L'Occidente ignora le proteste degli iraniani, contro il regime degli ayatollah, per non compromettere i negoziati sul nucleare.

Gerusalemme – **Continuano le manifestazioni in Iran contro il regime degli *****ayatollah*****.** È ormai da questa estate che gli iraniani scendono per le strade al grido di «Abbasso il *leader* supremo Khamenei», ma l’Occidente sembra volutamente ignorarli. **Lo scorso venerdì, per la seconda settimana consecutiva, la popolazione ha nuovamente manifestato pacificamente a Isfahan contro la carenza d’acqua, accusando il regime di essere responsabile del declino socio-economico del Paese.** Non riuscendo a fermare le proteste, la polizia è intervenuta violentemente, ferendo una cinquantina di dimostranti (molti sono rimasti ciechi da un occhio), uccidendone almeno tre e arrestandone più di duecento (inclusi tredici minorenni). I manifestanti hanno pertanto reagito lanciando pietre contro le forze di sicurezza, bruciando almeno una motocicletta della polizia e gridando slogan anti-governativi. Nei video postati *online* da attivisti iraniani, si vedono i dimostranti urlare all’unisono: «Non abbiamo paura! Siamo tutti insieme», «Siamo tutti qui per combattere contro il *leader* », «Basta con Khamenei» e poi ancora «Vergognati Khamenei per le tue menzogne, il sangue della nostra gioventù cola dai tuoi artigli».

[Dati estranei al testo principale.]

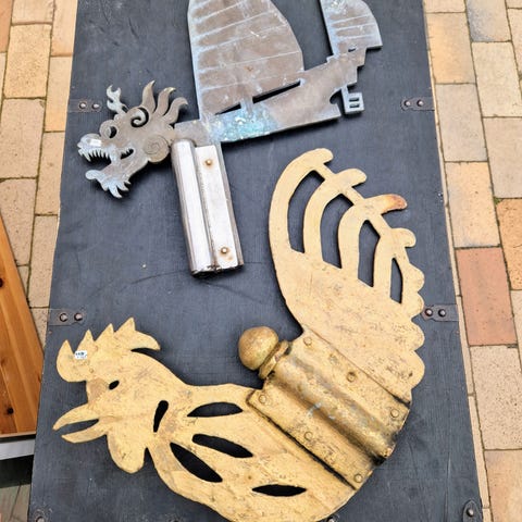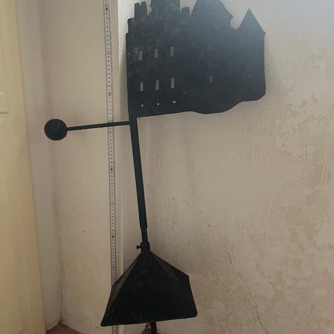 Jernvejrhane af jern fra perioden 2000-2010, fremstillet i Tyskland, dimensioner 35 cm bredde, 35 cm dybde og 60 cm i højden, i god brugt stand med små tegn på alder og pletter. Klik på den blå "gå til varen" knap, for at købe eller byde på denne vare. Den samlede pris vil blive vist inden du afgiver dit bud.

**Il giorno dopo il quotidiano iraniano “Kayhan”, controllato dal regime, ha descritto i manifestanti di Isfahan come «delinquenti pagati» dall’Occidente** e «truppe combattenti a piedi degli Stati Uniti», istruite per «seminare il caos» alla vigilia dei negoziati per gli accordi sul nucleare, che sono ripresi lo scorso 29 novembre a Vienna. **Nonostante la palese e continua violazione dei diritti umani da parte del regime degli *****ayatollah*****, gli Stati Uniti non hanno fatto pressione sull’Iran durante i negoziati ancora in corso.** Anzi, è stato l’Iran a fare la voce grossa e a far capire che Teheran non ha intenzione di essere flessibile, richiedendo così la rimozione di tutte le «disumane» sanzioni. Il ministro degli Affari esteri iraniano, Hossein Amir-Abdollahian, ha poi dichiarato: «Gli Stati Uniti non riescono ancora a comprendere correttamente il fatto che non c’è modo di tornare all’accordo senza una revoca verificabile ed efficace di tutte le sanzioni imposte alla nazione iraniana… Questa opportunità non è una finestra che può rimanere aperta per sempre».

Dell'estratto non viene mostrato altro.